Wenn ich während dem Zusammenbau um auf Nummer sicher zu gehn ein Erdungsarmband verwenden will, wo bringe ich dann die klemme am besten an?

Gehäuse? (is ja theoretisch geerdet oder so?) bzw. ist das auch geerdet wenns auf nem Holztisch steht? Hab nicht soviel Ahnung von Elektrostatik 

oder muss ich meinen aufbau in der Nähe von nem Heizkörper oder Wasserhahn starten um da die Klemme hinzuhängen? ^^

Danke für ein paar kurze Antworten

Greetz Mettwurst


----------



## exa (11. Juni 2009)

nein nicht am gehäuse, denn das ist zwar "Masse" aber nicht Erde...

kannst dei Klemme zb an einer Steckdose anbringen, also am Nullleiter... das ist wirklich erde, genau wie Wasserhahn oder Heizung, die sind aber manchmal lackiert...


----------



## JOJO (11. Juni 2009)

exa schrieb:


> nein nicht am gehäuse, denn das ist zwar "Masse" aber nicht Erde...





exa schrieb:


> kannst dei Klemme zb an einer Steckdose anbringen, also am Nullleiter... das ist wirklich erde, genau wie Wasserhahn oder Heizung, die sind aber manchmal lackiert...


 
Kann nicht war sein...

Zu prüfen wäre hier erst einmal, wie das Hausnetz aufgebaut ist! Hier gibt die VDE 100 ausreichend Auskunft! So ein (Entschuldigung) Schwachfug hab ich noch nicht gelesen...!

Das Erdungsarmband gehört an die Wasserleitung, Heizungsleitung, oder direkt an ein Erdungskreuz. Denn diese sind mit einer Potentialausgleichschiene verbunden!!! NICHT jedoch in die Haussteckdose!!! Hier kann man das Pech haben, das der Nachbar ein altes PEM betreibt und man sich vagabundierende Ströme einfängt.
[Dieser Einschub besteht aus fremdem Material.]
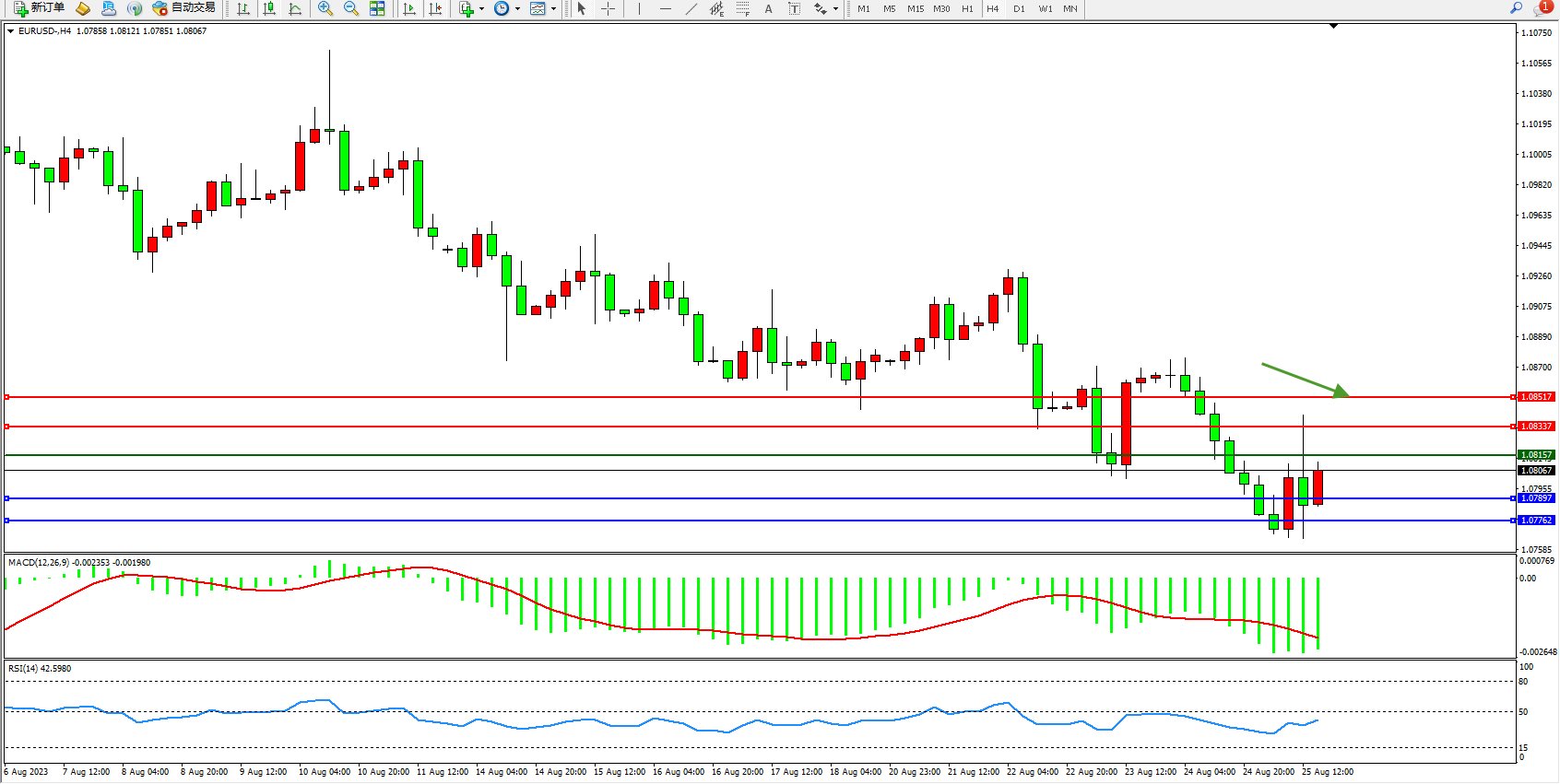 交易策略:1.08157下方看跌,目标1.07897  1.07762

Prima dann, wenn das Erdungsarmband diese direkt in die Bauteile leitet!!! Oder aber ein "Heimwerker" sich verschaltet hat oder durch mangelhafte/ schadhafte Verdrahtung, Isolierung und Geräte Fehlerströme in PE eingeleitet werden. Und dies lange bevor z.B. der FI abschaltet!


----------



## quantenslipstream (11. Juni 2009)

Wozu willst du dich erden?
Einfach keine Kleidung aus Kunstfasern tragen, dann geht das auch ohne Erdung.


----------



## Sash (11. Juni 2009)

vorm einbau von ram, cpu oder so einfach kurz die heizung anfassen reicht. danach natürlich nicht über den teppich robben. aber finger von der steckdose. man weiß nie wer da was wie gemacht hat.. oder wie hier schon einer schrieb was der nachbar da dran hat. und wenn man keine ahnung hat, wie du, könntest du pech haben und L mit PE verwechseln.. dazu muß man zwar schon extrem.. aber naja man weiß ja nie, oder in den moment wo du die kleme da dran machst rutscht du ab und gehst voll rein...


----------



## quantenslipstream (11. Juni 2009)

Am besten keine Kleidung tragen, dann kanns du dich auch nicht elektrisch aufladen. 
Pass aber auf, dass du mit dem Dödel nicht in den Lüfter kommst.


----------



## Mettwurst (11. Juni 2009)

danke für die hilfe!
die nackt-variante erscheint mir am billigsten und sichersten...  (seeeehr billig sogar.) Wird schon schiefgehn

greetz Mettwurst


----------



## ole88 (11. Juni 2009)

lol des logischste ist am schu unten auf der sohle, ich kenn das so aus betrieben wo man wenn man keine speziellen schue trägt so ein band bekommt das in den schuh reingeht und dann unten an die sohle geklebt wird


----------



## quantenslipstream (11. Juni 2009)

Eigentlich reicht es, wenn man Schuhe und Socken auszieht. Barfuß hat sich noch keiner elektrisch aufgeladen.


----------



## ole88 (11. Juni 2009)

oder so.


----------



## quantenslipstream (11. Juni 2009)

ole88 schrieb:


> oder so.


 
Ich würde dann aber lieber mit der Freundin schrauben und ihr sagen, dass dazu die Nackt Variante sein muss.


----------



## Lordac (11. Juni 2009)

quantenslipstream schrieb:


> Ich würde dann aber lieber mit der Freundin schrauben und ihr sagen, dass dazu die Nackt Variante sein muss.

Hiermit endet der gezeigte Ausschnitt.